WHAT YOU ARE ASKED TO DO: Please give the whole listing again exactly, without any of its pictures.

RECORDED DATA:
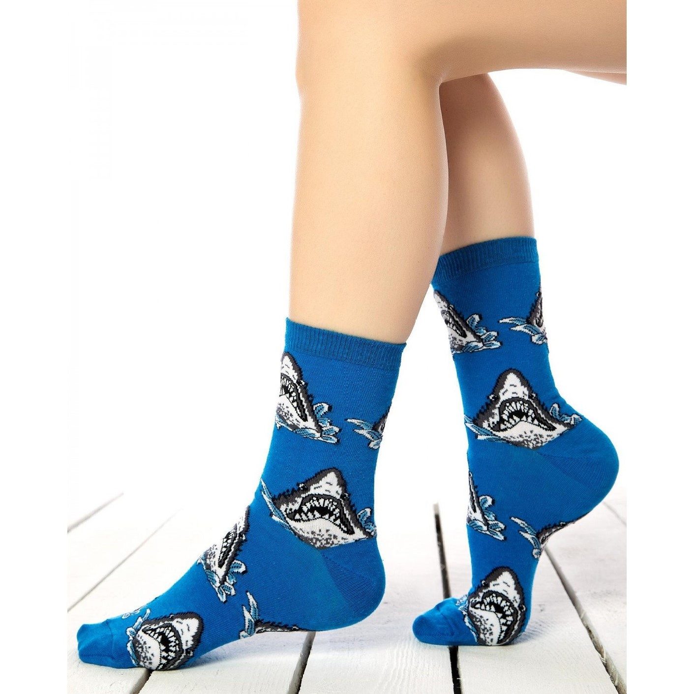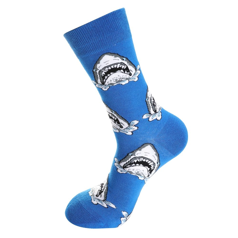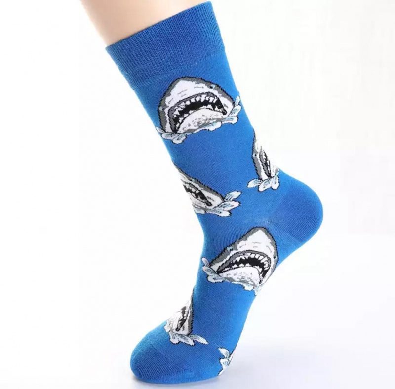 Blå sokk med hai som viser tennene.
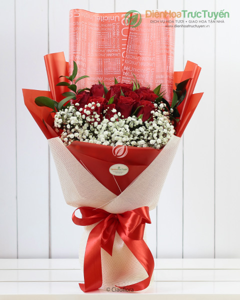 Nothing says love better than bouquet of red roses arranged with baby breath in classic style.
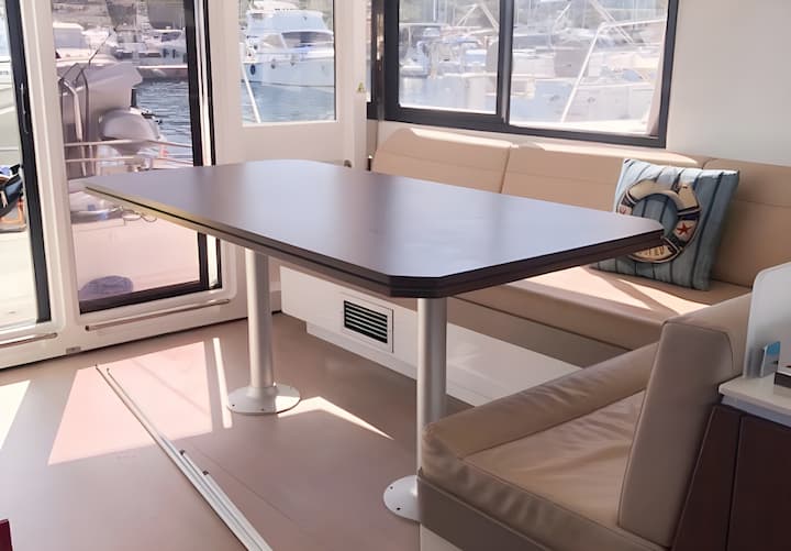 6 -cabin Bali 4.1 catamarán se construyó en 2020 y está anclado en Atenas, Grecia. El catamarán puede alojar hasta 10 personas . El catamarán ofrece 4 baños. El catamarán se puede alquilar con patrón sin tripulación . Características del equipo del barco 2 motor, listón completo vela principal y jab autoadhesivo. También cuenta con altavoz externo y altavoz interno. La cocina totalmente equipada incluye nevera, equipo de cocina, congelador, horno y estufa. Este catamarán lo gestiona el propietario del anuncio Panagiotis. Panagiotis es miembro de viravira.co desde 2019 .

COMPLETED EXERCISE:
 Blå sokk med hai som viser tennene.
 Nothing says love better than bouquet of red roses arranged with baby breath in classic style.
 6 -cabin Bali 4.1 catamarán se construyó en 2020 y está anclado en Atenas, Grecia. El catamarán puede alojar hasta 10 personas . El catamarán ofrece 4 baños. El catamarán se puede alquilar con patrón sin tripulación . Características del equipo del barco 2 motor, listón completo vela principal y jab autoadhesivo. También cuenta con altavoz externo y altavoz interno. La cocina totalmente equipada incluye nevera, equipo de cocina, congelador, horno y estufa. Este catamarán lo gestiona el propietario del anuncio Panagiotis. Panagiotis es miembro de viravira.co desde 2019 .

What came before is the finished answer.